17 February 2014, News Wires – Libya’s oil production has fallen to 390,000 barrels per day, some 70,000 bpd less than last week, as protests have partly blocked flows from the El Sharara oilfield.
Reuters cited National Oil Company, NOC, spokesman Mohamed El Harari as saying production had slipped to 390,000 bpd. On Thursday output was 460,000 bpd.
He said the El Sharara oilfield was below its capacity of 340,000 bpd because protesters partially shut down a pipeline near the western town of Zintan leading from the field to the port of Zawiya.
“We hope the government will solve the problem soon,” he said. Output at the El Sharara field had been at 301,000 bpd on Wednesday, according to Reuters.
Harari said the El Wafa oilfield was again working normally after protesters had on Wednesday shut gas and oil pipelines from the field, which produces about 30,000 bpd of very light oil condensate.
NOC has not published export figures recently but the state-run company normally uses about 140,000 bpd of national production to feed refineries in Zawiya and Tobruk.

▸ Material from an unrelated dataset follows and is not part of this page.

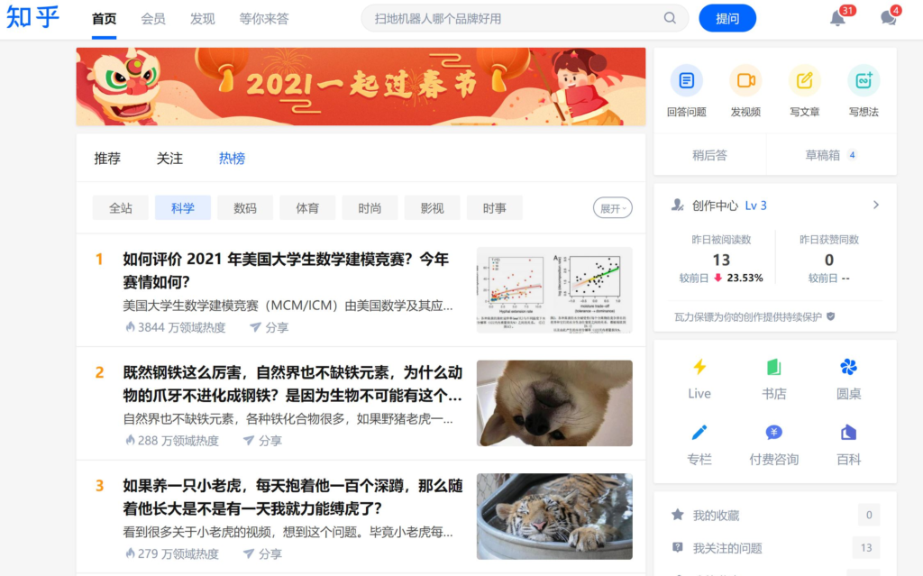 まずYahoo!知恵袋はQ&Aの機能以外はほとんどなく利用者もQ&A以外での利用をすることは少ないですが、知乎はQ&Aだけでなくあらゆる知識コンテンツがアプリに入っているので何か学びたいことがあるときに真っ先に開くアプリになっています。それにより会員サービスや知識欲を満たすようなコンテンツのファンが増え、知乎に滞在する時間も伸びることになっています。

The demands of protesters were not immediately clear. Tensions in the country are growing over the country’s interim General National Congress, whose mandate has officially ended, but whose members have extended its term to guarantee stability.
Political blocks in the Congress are deadlocked over how to proceed with the fragile transition to democracy.

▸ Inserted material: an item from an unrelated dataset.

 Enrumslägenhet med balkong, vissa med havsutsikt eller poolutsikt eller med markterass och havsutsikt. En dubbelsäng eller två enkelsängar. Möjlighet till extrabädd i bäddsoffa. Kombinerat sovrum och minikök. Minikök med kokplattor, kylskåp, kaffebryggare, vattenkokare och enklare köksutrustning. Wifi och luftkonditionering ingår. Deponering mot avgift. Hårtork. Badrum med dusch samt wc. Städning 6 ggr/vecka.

Rival brigades of former rebels and militias are loosely aligned with competing factions within the Congress, with some demanding its dissolution and new elections, and others supporting its extension.
Armed protesters led by a former anti-Gaddafi rebel have seized three oil ports in eastern Libya since August, cutting off about 600,000 bpd of export capacity, to demand more regional autonomy and a greater share of oil wealth.
Negotiations to end that blockade have gone nowhere, and the government has warned it could resort to force to break the protest that has cost the state more than $7 billion in lost oil revenues.
Armed groups, former rebels and tribes often shut down pipelines or occupy oilfields to make demands on the state as Libya tries to overcome instability nearly three years after a Nato-backed revolt toppled leader Muammar Gaddafi.